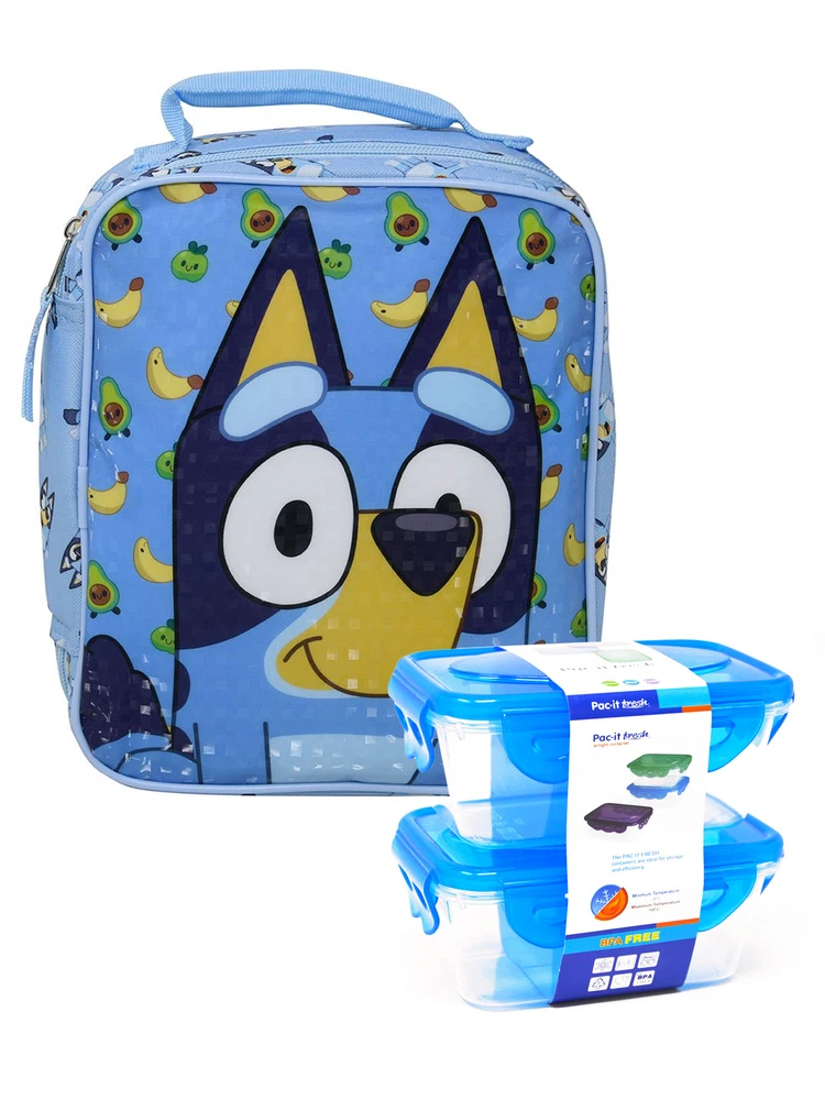 Bluey Insulated Lunch Bag & 2-Piece Food Container Set Boys Girls Reusable
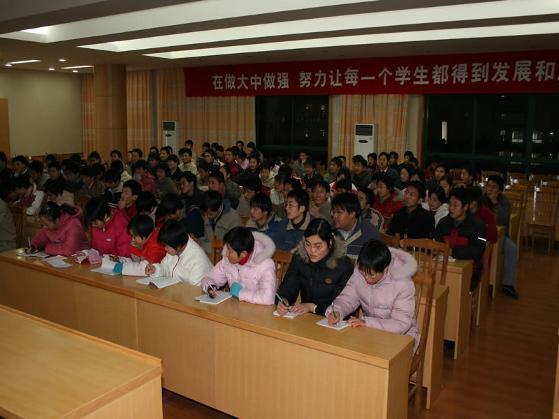 多年來,我校注重對學(xué)生進(jìn)行熱愛黨的教育,注重在學(xué)生中發(fā)展黨員。廣大學(xué)生在政治上積極要求進(jìn)步,不斷向黨組織靠攏,僅2004年就有100多名學(xué)生向?qū)W校黨委遞交了入黨申請書。為了讓他們不斷掌握黨的基本知識(shí),增加對黨的宗旨、任務(wù)和奮斗目標(biāo)的了解,本學(xué)期,在學(xué)校黨委委員各上一堂黨課的基礎(chǔ)上,吳鐵明同志記又為學(xué)生們上黨課。
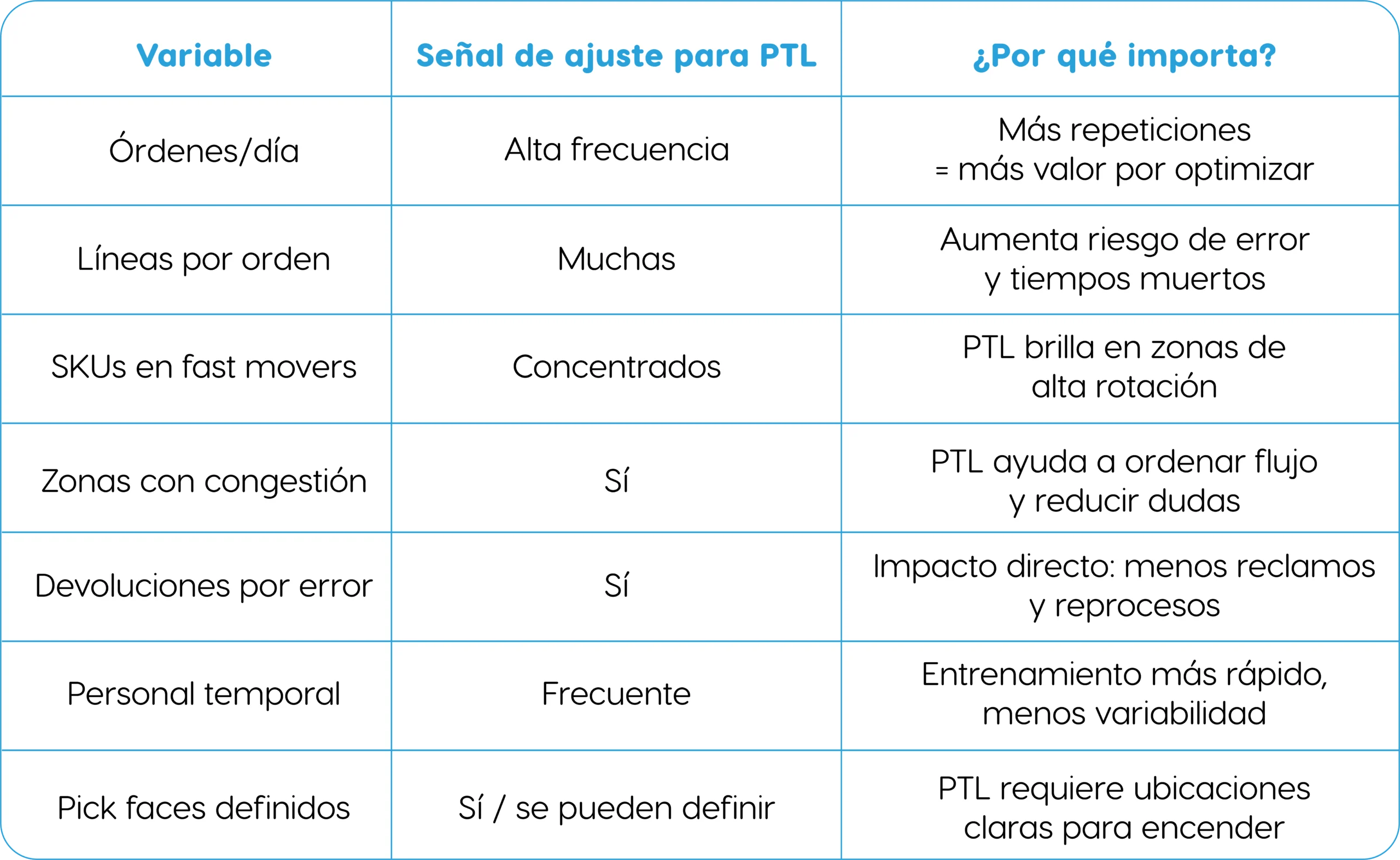 Importante: PTL no es “magia”. Es diseño de proceso + señalización + confirmación. Bien implementado, eleva el estándar operativo.

--------------------

- _What is required_:
Word for word, return the material, omitting the pictures.

- _Solution to this task_:
 Bluey Insulated Lunch Bag & 2-Piece Food Container Set Boys Girls Reusable
 多年來,我校注重對學(xué)生進(jìn)行熱愛黨的教育,注重在學(xué)生中發(fā)展黨員。廣大學(xué)生在政治上積極要求進(jìn)步,不斷向黨組織靠攏,僅2004年就有100多名學(xué)生向?qū)W校黨委遞交了入黨申請書。為了讓他們不斷掌握黨的基本知識(shí),增加對黨的宗旨、任務(wù)和奮斗目標(biāo)的了解,本學(xué)期,在學(xué)校黨委委員各上一堂黨課的基礎(chǔ)上,吳鐵明同志記又為學(xué)生們上黨課。
 Importante: PTL no es “magia”. Es diseño de proceso + señalización + confirmación. Bien implementado, eleva el estándar operativo.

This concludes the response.